Task statement: Every line in the listing below from the one with "2019年8月,人民银行发布" through the one with "Başkan Yurdagül, Bahçeli’ye" is to be reproduced exactly, both ends included; leave out the rest.
Records for this task section start
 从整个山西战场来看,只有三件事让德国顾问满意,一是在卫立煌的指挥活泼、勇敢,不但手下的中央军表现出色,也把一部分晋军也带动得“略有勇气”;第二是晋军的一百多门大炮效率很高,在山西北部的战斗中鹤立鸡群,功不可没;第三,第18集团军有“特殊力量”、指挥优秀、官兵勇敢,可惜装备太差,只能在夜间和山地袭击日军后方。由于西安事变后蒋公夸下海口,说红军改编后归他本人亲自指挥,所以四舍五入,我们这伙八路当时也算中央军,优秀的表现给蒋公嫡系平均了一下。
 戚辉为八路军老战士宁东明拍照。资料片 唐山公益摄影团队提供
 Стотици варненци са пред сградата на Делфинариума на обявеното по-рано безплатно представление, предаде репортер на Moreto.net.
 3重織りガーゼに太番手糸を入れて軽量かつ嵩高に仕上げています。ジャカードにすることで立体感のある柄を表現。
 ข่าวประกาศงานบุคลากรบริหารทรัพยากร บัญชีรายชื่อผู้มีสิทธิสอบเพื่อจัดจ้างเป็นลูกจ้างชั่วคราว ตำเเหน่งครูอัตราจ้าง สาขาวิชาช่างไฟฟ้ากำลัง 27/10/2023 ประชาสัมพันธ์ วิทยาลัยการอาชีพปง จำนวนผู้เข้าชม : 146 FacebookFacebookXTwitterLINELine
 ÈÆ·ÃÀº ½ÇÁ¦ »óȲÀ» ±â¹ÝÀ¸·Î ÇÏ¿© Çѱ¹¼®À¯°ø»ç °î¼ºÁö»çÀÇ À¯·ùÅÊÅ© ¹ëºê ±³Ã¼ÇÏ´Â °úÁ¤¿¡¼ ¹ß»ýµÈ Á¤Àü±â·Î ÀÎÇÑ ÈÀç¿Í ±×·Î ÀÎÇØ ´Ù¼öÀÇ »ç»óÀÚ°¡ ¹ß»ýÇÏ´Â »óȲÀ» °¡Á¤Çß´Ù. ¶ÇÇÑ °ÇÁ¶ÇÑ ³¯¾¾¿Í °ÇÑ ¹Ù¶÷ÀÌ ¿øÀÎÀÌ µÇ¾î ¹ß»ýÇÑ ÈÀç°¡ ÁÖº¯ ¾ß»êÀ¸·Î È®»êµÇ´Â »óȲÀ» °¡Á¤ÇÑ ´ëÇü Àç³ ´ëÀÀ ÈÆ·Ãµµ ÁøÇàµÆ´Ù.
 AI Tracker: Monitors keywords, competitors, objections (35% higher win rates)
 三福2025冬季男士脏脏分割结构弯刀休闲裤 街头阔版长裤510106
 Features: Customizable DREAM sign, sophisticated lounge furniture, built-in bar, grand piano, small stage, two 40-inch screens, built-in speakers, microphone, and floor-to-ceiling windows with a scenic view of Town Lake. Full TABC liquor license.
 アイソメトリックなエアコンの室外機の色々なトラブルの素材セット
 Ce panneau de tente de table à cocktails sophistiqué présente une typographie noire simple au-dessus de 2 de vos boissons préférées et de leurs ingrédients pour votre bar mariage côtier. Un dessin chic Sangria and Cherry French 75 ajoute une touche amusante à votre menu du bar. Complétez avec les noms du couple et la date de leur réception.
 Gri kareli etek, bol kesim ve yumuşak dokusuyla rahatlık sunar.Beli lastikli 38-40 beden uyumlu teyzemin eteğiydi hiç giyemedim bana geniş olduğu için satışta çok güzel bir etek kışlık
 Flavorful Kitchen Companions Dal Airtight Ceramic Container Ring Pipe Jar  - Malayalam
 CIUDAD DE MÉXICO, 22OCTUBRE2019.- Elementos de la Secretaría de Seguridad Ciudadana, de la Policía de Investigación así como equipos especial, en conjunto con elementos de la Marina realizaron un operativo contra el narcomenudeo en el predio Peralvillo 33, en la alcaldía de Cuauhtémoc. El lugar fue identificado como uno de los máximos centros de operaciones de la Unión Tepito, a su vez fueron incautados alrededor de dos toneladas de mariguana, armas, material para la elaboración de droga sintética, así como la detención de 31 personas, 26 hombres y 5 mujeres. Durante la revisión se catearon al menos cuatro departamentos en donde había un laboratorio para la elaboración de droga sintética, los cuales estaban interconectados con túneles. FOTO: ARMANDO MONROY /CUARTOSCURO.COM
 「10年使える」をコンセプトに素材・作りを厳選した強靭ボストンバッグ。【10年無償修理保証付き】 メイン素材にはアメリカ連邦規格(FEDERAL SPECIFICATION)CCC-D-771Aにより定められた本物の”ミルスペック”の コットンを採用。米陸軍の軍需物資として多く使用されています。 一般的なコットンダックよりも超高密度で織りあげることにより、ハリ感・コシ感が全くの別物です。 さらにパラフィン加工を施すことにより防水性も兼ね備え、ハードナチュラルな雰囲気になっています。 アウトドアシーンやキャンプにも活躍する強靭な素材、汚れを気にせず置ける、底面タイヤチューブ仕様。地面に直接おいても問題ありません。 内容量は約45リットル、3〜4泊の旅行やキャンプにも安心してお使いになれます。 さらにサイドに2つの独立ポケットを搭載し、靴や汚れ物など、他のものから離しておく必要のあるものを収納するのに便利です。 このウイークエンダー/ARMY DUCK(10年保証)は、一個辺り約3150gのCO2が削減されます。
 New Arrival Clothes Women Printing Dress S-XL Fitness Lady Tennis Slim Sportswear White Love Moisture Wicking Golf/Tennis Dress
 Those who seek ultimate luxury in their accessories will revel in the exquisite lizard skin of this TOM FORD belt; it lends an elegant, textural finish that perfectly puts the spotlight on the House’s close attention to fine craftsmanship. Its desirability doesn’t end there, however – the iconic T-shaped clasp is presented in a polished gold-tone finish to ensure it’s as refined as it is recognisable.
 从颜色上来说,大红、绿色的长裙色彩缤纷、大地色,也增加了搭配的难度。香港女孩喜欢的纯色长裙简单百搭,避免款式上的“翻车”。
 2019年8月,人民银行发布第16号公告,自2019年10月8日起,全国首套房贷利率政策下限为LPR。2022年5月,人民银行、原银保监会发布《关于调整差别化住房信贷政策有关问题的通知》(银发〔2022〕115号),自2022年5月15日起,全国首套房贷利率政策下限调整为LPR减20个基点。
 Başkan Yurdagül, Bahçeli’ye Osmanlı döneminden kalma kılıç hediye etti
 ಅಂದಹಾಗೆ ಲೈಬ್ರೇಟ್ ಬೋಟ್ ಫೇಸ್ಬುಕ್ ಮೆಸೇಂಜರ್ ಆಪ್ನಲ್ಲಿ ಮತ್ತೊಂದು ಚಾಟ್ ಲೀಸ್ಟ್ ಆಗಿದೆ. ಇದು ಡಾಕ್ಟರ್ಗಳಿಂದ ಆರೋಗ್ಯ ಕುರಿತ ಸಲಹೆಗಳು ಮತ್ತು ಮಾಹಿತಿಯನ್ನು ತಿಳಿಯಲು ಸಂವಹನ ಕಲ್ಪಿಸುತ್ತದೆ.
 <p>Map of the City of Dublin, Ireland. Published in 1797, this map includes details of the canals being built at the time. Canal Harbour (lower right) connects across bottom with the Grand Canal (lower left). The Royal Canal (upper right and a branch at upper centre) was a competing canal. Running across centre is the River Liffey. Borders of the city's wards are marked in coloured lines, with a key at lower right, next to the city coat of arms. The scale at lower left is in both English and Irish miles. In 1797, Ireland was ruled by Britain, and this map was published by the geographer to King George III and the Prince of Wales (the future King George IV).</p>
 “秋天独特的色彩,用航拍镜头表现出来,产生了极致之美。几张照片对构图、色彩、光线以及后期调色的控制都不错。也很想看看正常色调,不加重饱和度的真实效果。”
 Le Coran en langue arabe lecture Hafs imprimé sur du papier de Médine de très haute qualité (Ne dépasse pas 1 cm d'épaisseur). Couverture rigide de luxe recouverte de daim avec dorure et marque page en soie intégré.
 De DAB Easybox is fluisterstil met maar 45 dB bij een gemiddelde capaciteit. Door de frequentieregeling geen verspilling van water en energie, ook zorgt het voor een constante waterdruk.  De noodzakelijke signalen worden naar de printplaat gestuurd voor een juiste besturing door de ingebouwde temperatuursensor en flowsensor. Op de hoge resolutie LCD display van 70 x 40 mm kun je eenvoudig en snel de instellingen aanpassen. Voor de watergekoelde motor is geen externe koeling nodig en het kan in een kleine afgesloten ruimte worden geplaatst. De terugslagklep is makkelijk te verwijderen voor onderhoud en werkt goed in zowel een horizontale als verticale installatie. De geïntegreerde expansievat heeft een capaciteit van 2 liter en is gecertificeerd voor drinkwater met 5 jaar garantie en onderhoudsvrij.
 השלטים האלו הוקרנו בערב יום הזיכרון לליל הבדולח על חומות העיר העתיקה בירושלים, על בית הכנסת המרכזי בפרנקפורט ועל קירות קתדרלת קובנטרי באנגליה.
Records for this task section end
Exercise answer:
 2019年8月,人民银行发布第16号公告,自2019年10月8日起,全国首套房贷利率政策下限为LPR。2022年5月,人民银行、原银保监会发布《关于调整差别化住房信贷政策有关问题的通知》(银发〔2022〕115号),自2022年5月15日起,全国首套房贷利率政策下限调整为LPR减20个基点。
 Başkan Yurdagül, Bahçeli’ye Osmanlı döneminden kalma kılıç hediye etti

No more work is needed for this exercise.